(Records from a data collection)
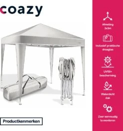 Coazy Waterdichte Partytent 3×3 Meter Opvouwbaar – Paviljoen – Easy Up – Pop-up Tent Met Haringen, Touw En Anti Slip Poten – Waterdicht – Partytenten Weerbestendig
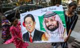 Siswa Sekolah Seni Gurukul memegang potret perdana menteri Jepang dan Putra Mahkota Arab Saudi untuk KTT G20 mendatang, di Mumbai, India, Selasa (5/8/2023). (FOTO : EPA-EFE/DIVYAKANT SOLANKI)
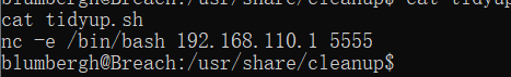 blumbergh@Breach:/usr/share$ cd cleasnup
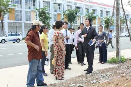 Khách hàng tham quan dự án The IJC Commercial Bình Dương. Hoạt động đầu tư bắt đáy khiến cho thị trường đất dự án giá rẻ vẫn thu hút được khách hàng trong thời điểm khó khăn. Ảnh: Quỳnh Mai.
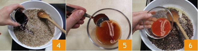 Luego añade el vino y deja evaporar 4. Diluye el concentrado de tomate en un poco de agua 5 y agrégalo a la carne 6, mezcla bien, ajusta de sal y pimienta y continúa la cocción durante 20 minutos a fuego moderado.
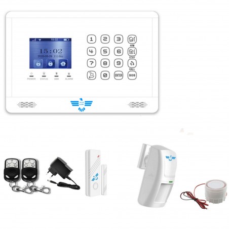 Il KIT è composto da: 1 centralina MICRO TOUCH wireless Wifi SiM con relativa staffa e alimentatore 2 telecomandi per centralina micro touch 2 sensori di movimento a infrarossi 7 sensori magnetici 1 sirena filare da interno
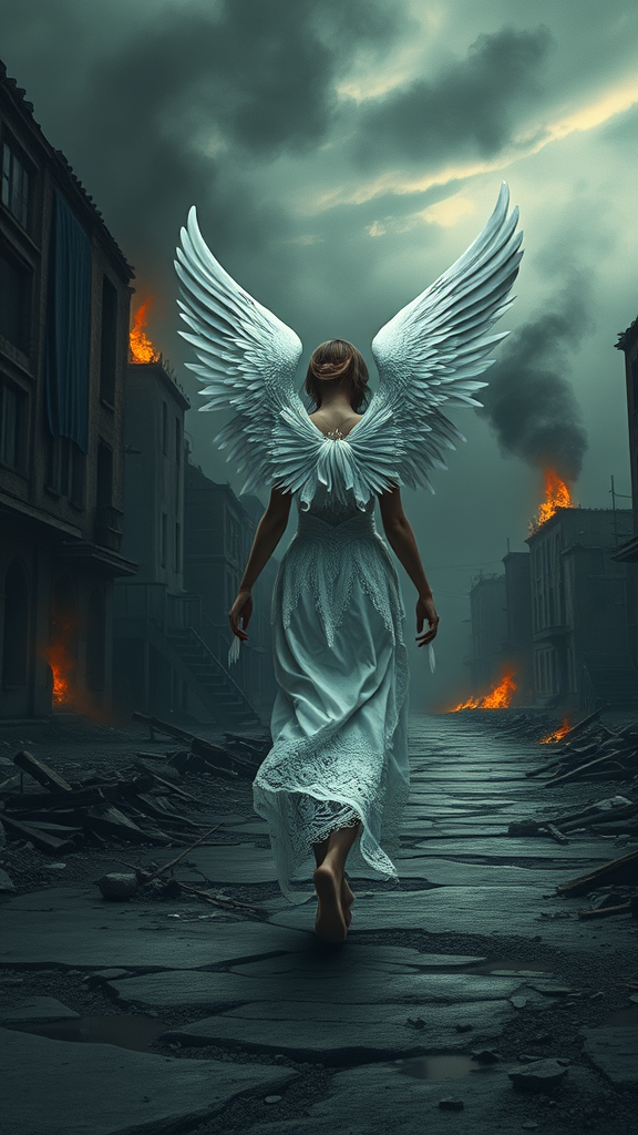 A sorrowful female angel with large white wings folded gracefully behind her walks along a crumbling street amidst the ruins, her intricate white dress flowing delicately with each step. The backdrop is a haunting scene of destroyed buildings under a darkened sky, where active fires crackle and rise. Volumetric fog weaves through the landscape, casting an eerie glow. The remnants of war lie scattered, with smoke curling upwards, painting a picture of despair. The entire scene is infused with an artistic, dreamy quality, reminiscent of a surreal illustration, capturing the ethereal yet haunting essence of this post-apocalyptic world.
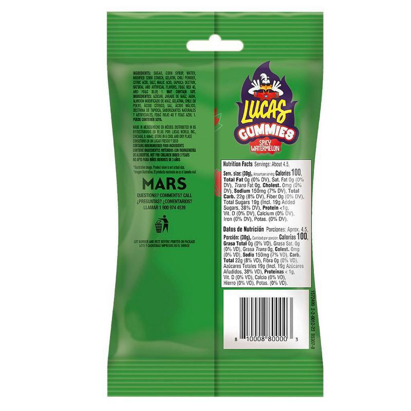 Your favorite Lucas® flavors now in fruity gummies! They are delicious watermelon fruity flavored gummies covered with spicy powder, a bold and exciting treat with a sensational fusion of sweetness an…
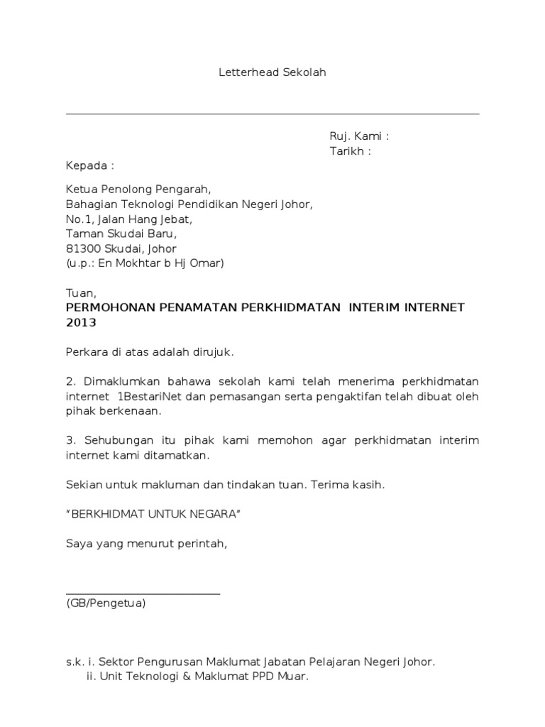 Contoh Surat Penamatan Perkhidmatan Internet
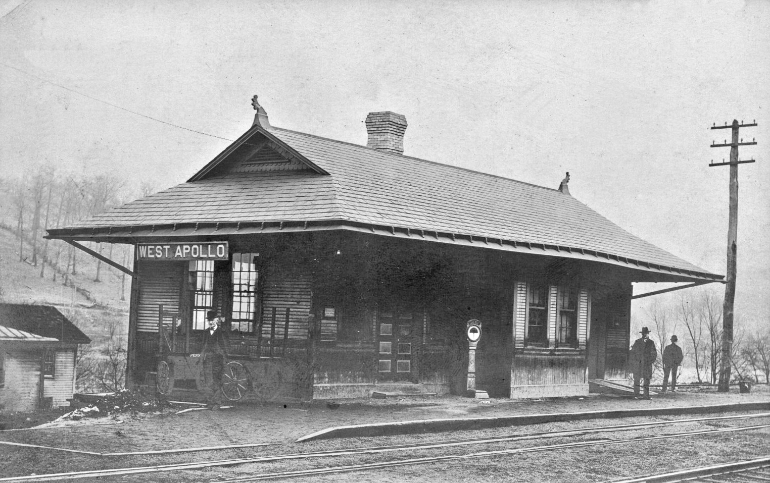 This brick combination passenger/freight station was on the north side of 1st Street on the east side of the tracks (GPS: 40.581617, -79.567427). In the late 1890s this station became a freight-only station with the station across the river in West Apollo (Westmoreland Co.) serving as the passenger station. For a short period, service was suspended to this station as the railroad bridge across the river on the north side of town fell into disrepair and the RR planned to abandon it (this bridge was located at GPS: 40.587400, -79.568605). A delegation from the town travelled to Philadelphia to meet with RR officials to plead their case to keep train service to Apollo. The RR agreed and a new bridge was constructed south of town (located at GPS: 40.571501, -79.564367) (see page 60 of the book "1816-1916; History of Apollo, Pennsylvania: The Year of a Hundred Years" by Thomas James Henry for a discussion of RR service to the town). In 1915 the station is once again listed on maps as a passenger/freight station. | ||||||
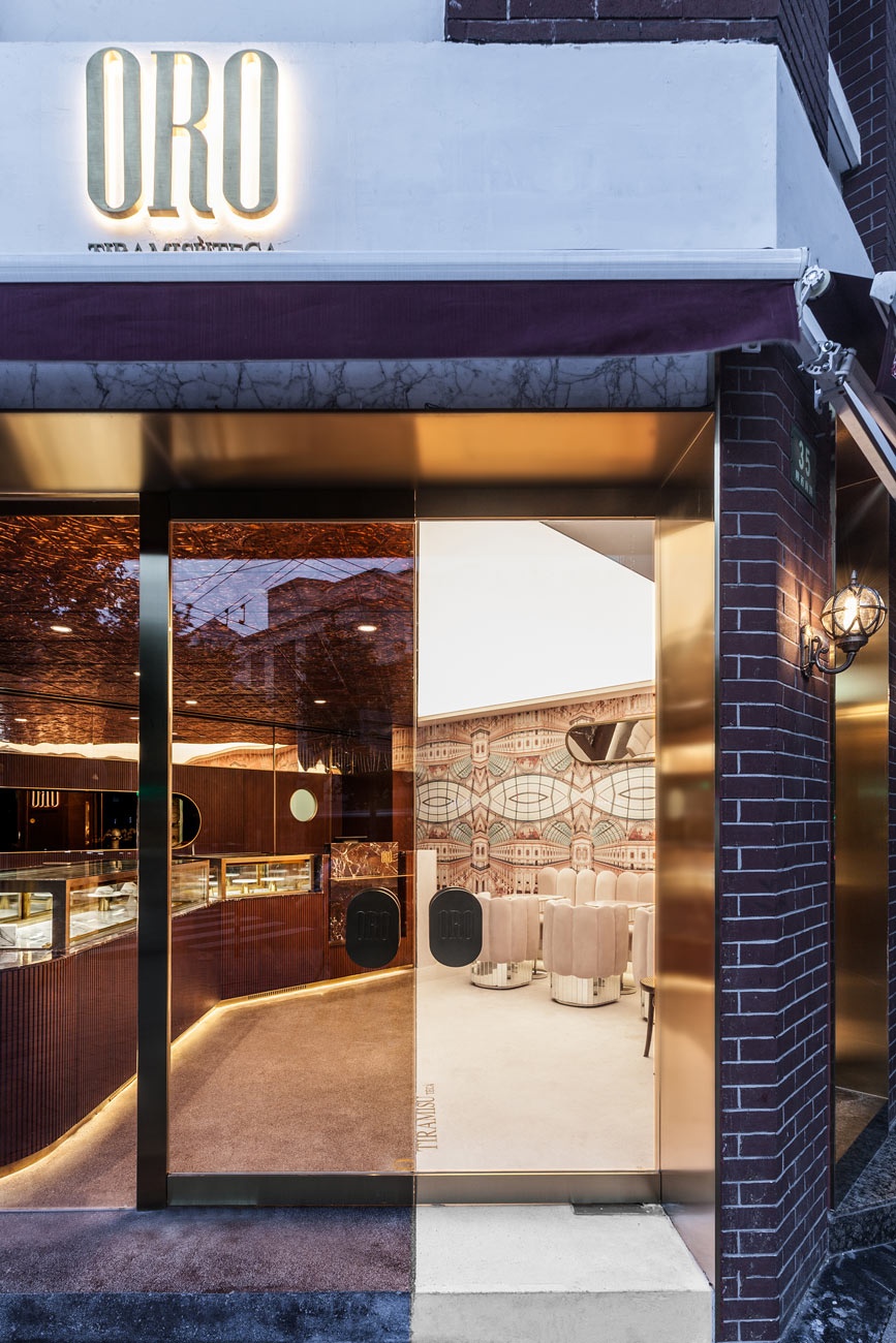 所有空间的大理石拱门设计,或绿色,或粉色,或橘色,都让整个空间有一种厚重的体量感,但周围的金色镜面不锈钢支架,墙面上渐变玻璃,又相对地缓解了这份“压迫感”,漫步其中,仿佛把你带入二十世纪中叶的欧洲庭院。
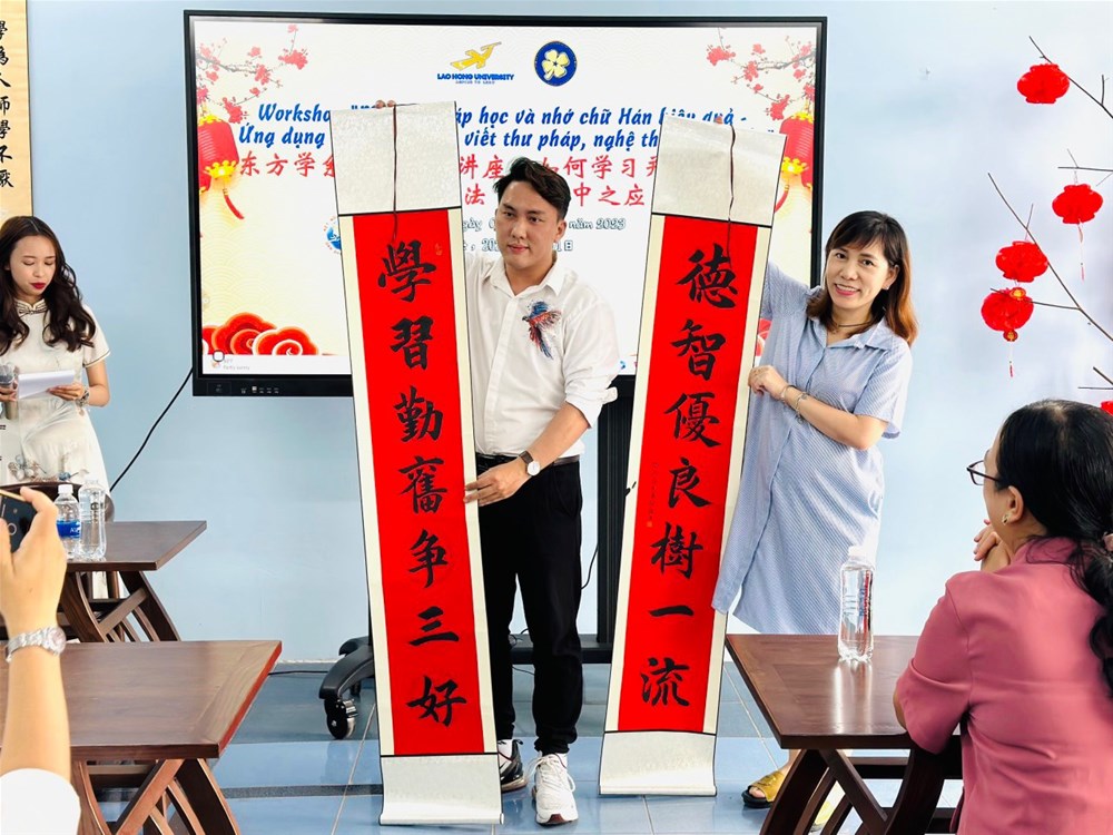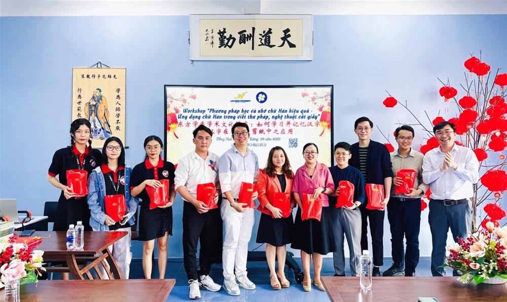 Chiều ngày 01/04/2023 tại Phòng học Đa chức năng, cơ sở 3, trường Đại học Lạc Hồng, Ngành Ngôn ngữ Trung Quốc đã tổ chức buổi workshop "Phương pháp học và nhớ chữ Hán hiệu quả - Ứng dụng chữ Hán trong viết thư pháp, nghệ thuật cắt giấy".

▶ [Work instruction] What is needed is every entry written out word for word, with no pictures.

▶ [Result of this exercise]
 Coazy Waterdichte Partytent 3×3 Meter Opvouwbaar – Paviljoen – Easy Up – Pop-up Tent Met Haringen, Touw En Anti Slip Poten – Waterdicht – Partytenten Weerbestendig
 Siswa Sekolah Seni Gurukul memegang potret perdana menteri Jepang dan Putra Mahkota Arab Saudi untuk KTT G20 mendatang, di Mumbai, India, Selasa (5/8/2023). (FOTO : EPA-EFE/DIVYAKANT SOLANKI)
 blumbergh@Breach:/usr/share$ cd cleasnup
 Khách hàng tham quan dự án The IJC Commercial Bình Dương. Hoạt động đầu tư bắt đáy khiến cho thị trường đất dự án giá rẻ vẫn thu hút được khách hàng trong thời điểm khó khăn. Ảnh: Quỳnh Mai.
 Luego añade el vino y deja evaporar 4. Diluye el concentrado de tomate en un poco de agua 5 y agrégalo a la carne 6, mezcla bien, ajusta de sal y pimienta y continúa la cocción durante 20 minutos a fuego moderado.
 Il KIT è composto da: 1 centralina MICRO TOUCH wireless Wifi SiM con relativa staffa e alimentatore 2 telecomandi per centralina micro touch 2 sensori di movimento a infrarossi 7 sensori magnetici 1 sirena filare da interno
 A sorrowful female angel with large white wings folded gracefully behind her walks along a crumbling street amidst the ruins, her intricate white dress flowing delicately with each step. The backdrop is a haunting scene of destroyed buildings under a darkened sky, where active fires crackle and rise. Volumetric fog weaves through the landscape, casting an eerie glow. The remnants of war lie scattered, with smoke curling upwards, painting a picture of despair. The entire scene is infused with an artistic, dreamy quality, reminiscent of a surreal illustration, capturing the ethereal yet haunting essence of this post-apocalyptic world.
 Your favorite Lucas® flavors now in fruity gummies! They are delicious watermelon fruity flavored gummies covered with spicy powder, a bold and exciting treat with a sensational fusion of sweetness an…
 Contoh Surat Penamatan Perkhidmatan Internet
 This brick combination passenger/freight station was on the north side of 1st Street on the east side of the tracks (GPS: 40.581617, -79.567427). In the late 1890s this station became a freight-only station with the station across the river in West Apollo (Westmoreland Co.) serving as the passenger station. For a short period, service was suspended to this station as the railroad bridge across the river on the north side of town fell into disrepair and the RR planned to abandon it (this bridge was located at GPS: 40.587400, -79.568605). A delegation from the town travelled to Philadelphia to meet with RR officials to plead their case to keep train service to Apollo. The RR agreed and a new bridge was constructed south of town (located at GPS: 40.571501, -79.564367) (see page 60 of the book "1816-1916; History of Apollo, Pennsylvania: The Year of a Hundred Years" by Thomas James Henry for a discussion of RR service to the town). In 1915 the station is once again listed on maps as a passenger/freight station. | ||||||
 所有空间的大理石拱门设计,或绿色,或粉色,或橘色,都让整个空间有一种厚重的体量感,但周围的金色镜面不锈钢支架,墙面上渐变玻璃,又相对地缓解了这份“压迫感”,漫步其中,仿佛把你带入二十世纪中叶的欧洲庭院。
 Chiều ngày 01/04/2023 tại Phòng học Đa chức năng, cơ sở 3, trường Đại học Lạc Hồng, Ngành Ngôn ngữ Trung Quốc đã tổ chức buổi workshop "Phương pháp học và nhớ chữ Hán hiệu quả - Ứng dụng chữ Hán trong viết thư pháp, nghệ thuật cắt giấy".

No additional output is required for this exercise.